Clancy clamped his hand over her mouth. “Shut up.”
She tried to break away, but his hold was like concrete. She couldn’t budge his arms.
“Your daddy’s going to know what it’s like to lose somebody he loves.” He was hurting her. “Privileged little girl. You don’t even know what life’s all about. You think you’re better than us because your clothes are clean and you get three squares, live in a nice home. How’d you like to grow up without a daddy?”
His hand was cutting off Doriann’s air. She kicked at him.
His grip grew tighter. “I’m not going to kill you yet, little spoiled rich kid. You’re still my ticket to freedom.”
If he wasn’t going to kill her, why wasn’t he letting her breathe? God? I’m sorry for everything I’ve ever done. Guess I’m going to see You in a few…
She panicked, she fought. She thought she heard Humphrey again, and she saw a bright light in the trees. And then the roar in her ears grew louder.
The hand jerked, as if forced from her mouth. Clancy let her go, shoving her aside. She spun, landing on her belly in the leaves. She heard the breath go out of him.

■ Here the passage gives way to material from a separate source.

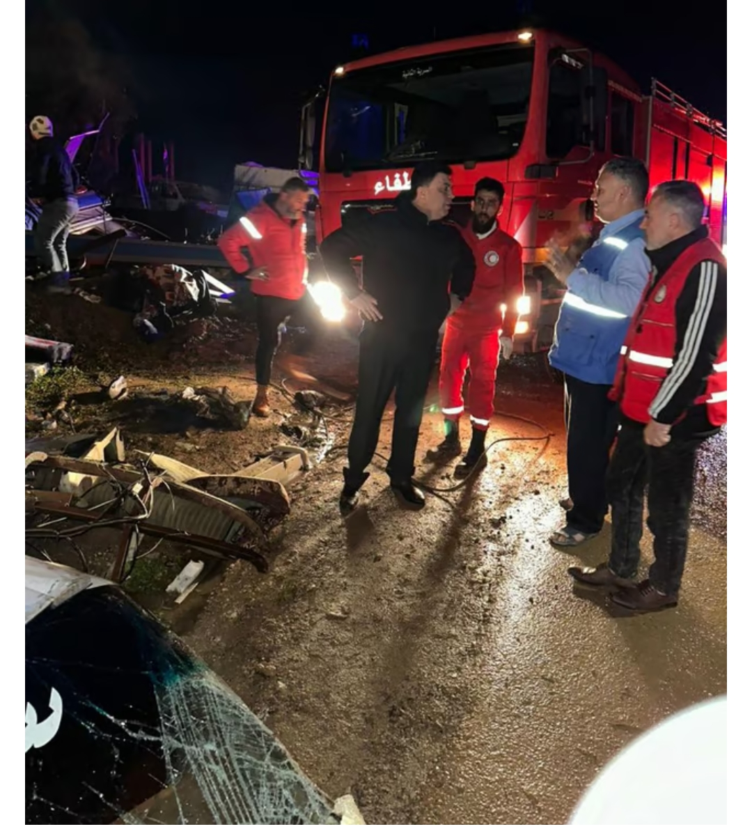 ووفق بيان وزارة الداخلية السورية عبر حسابها في "فيسبوك"، فقد تدهورت الحافلة على الطريق؛ ما أدّى إلى وفاة ستة أشخاص وإصابة 38 آخرين.
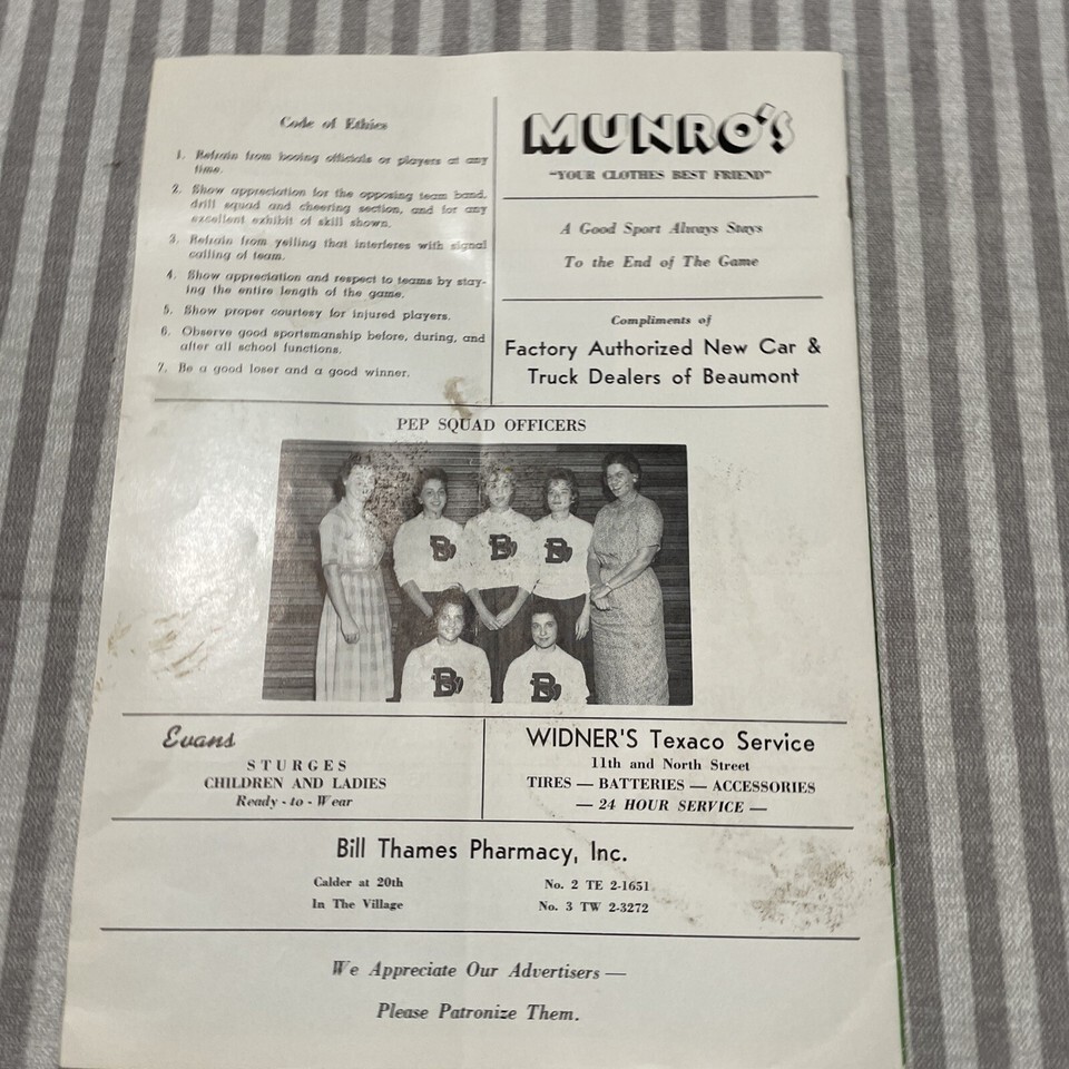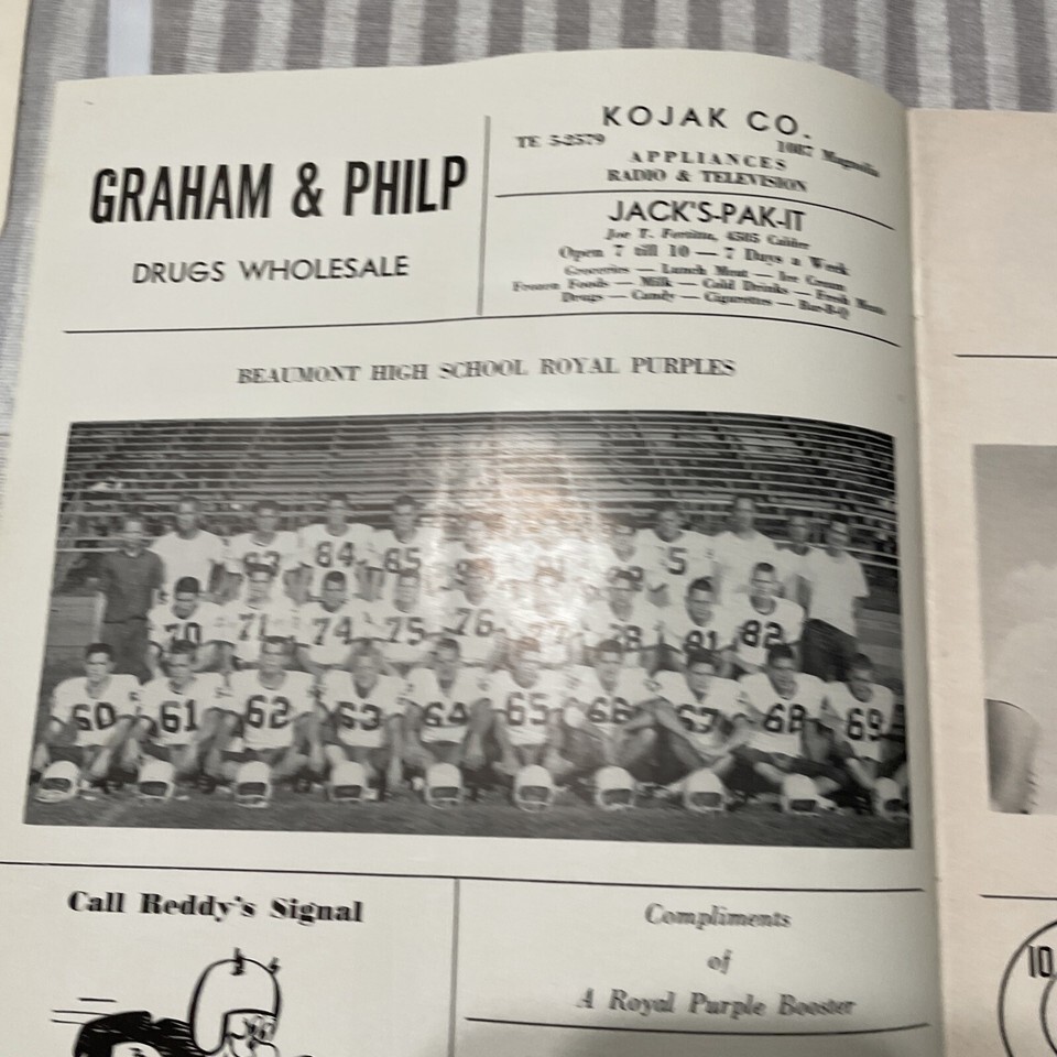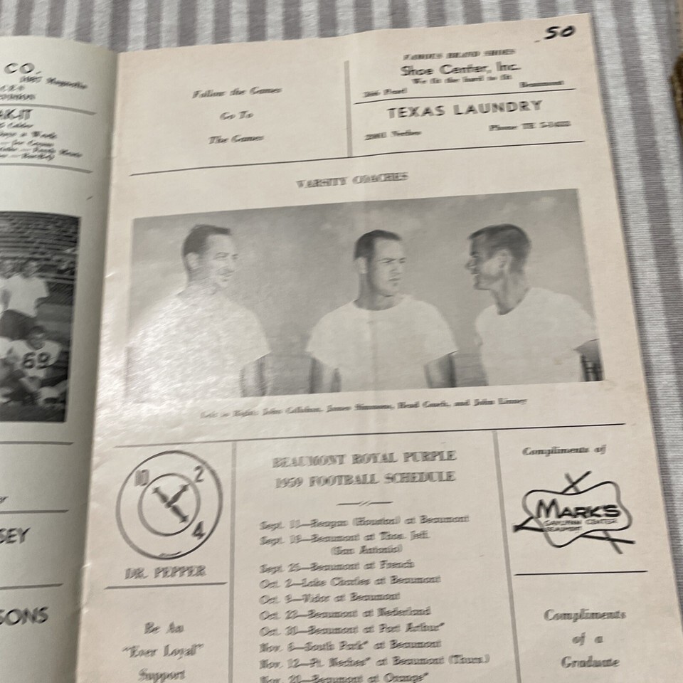 Vtg Football Program Beaumont TX 1959 high school Royal Purples South Park

He lurched forward and fell, trapping her beneath his leg. She reached out to grab a sapling and tried to pull herself out from under him. He was heavy.
His mouth started spewing dirty words again, and she could see him clearly because there was light. She saw Aunt Jama standing in the glow of the light, grabbing Clancy around the neck from behind and squeezing with her arm. He bucked and shoved Aunt Jama against a tree, breaking her hold. Then he turned on her. In the light, Doriann saw a knife flash in his hand. He raised it. Doriann screamed and lunged at his arm. She scraped the inside of his shin with her heel. Aunt Jama had taught her a few things.
He knocked her sideways with his elbow. Aunt Jama hit him again. He hit her back and knocked her down. She reached into her pocket, but he jumped on her. He grabbed her by the throat.
“No!” Doriann jumped onto his back and clutched him by the hair. She screamed into his ear, reached for his face and tried to poke him in the eyes. He knocked her off, elbow gouging into her stomach. She fell to the ground, trying to catch her breath.
Another roar from the water. Jama kicked up and broke Clancy’s hold on her throat. She kicked him again and again.
He raised his knife and plunged it down, but a shadow flew at him and rammed him up and over. He hit the ground with a grunt. A big shape—a man—jumped on top of Clancy and shoved his shoulders backward into the leaf blanket Doriann had made.
Doriann recognized her uncle Tyrell’s black hair and big shoulders in the bright light. She looked at Aunt Jama, who hadn’t jumped back up the way Doriann expected her to.
“Doriann, are you okay?” Uncle Tyrell asked.
“I’m good, but Aunt Jama’s not moving.”
“I’m moving,” Aunt Jama said quickly. “Just not very fast.” She groaned and sat up.
Doriann scrambled to her side. Uncle Tyrell had Clancy under control. Doriann knew he would.
Aunt Jama was bleeding. Doriann gasped. Aunt Jama reached up and pressed her fingers against Doriann’s lips.
“I’m okay, sweetheart,” she said, then she pulled Doriann into her arms.
“I thought he’d killed you!” Then Doriann burst into tears.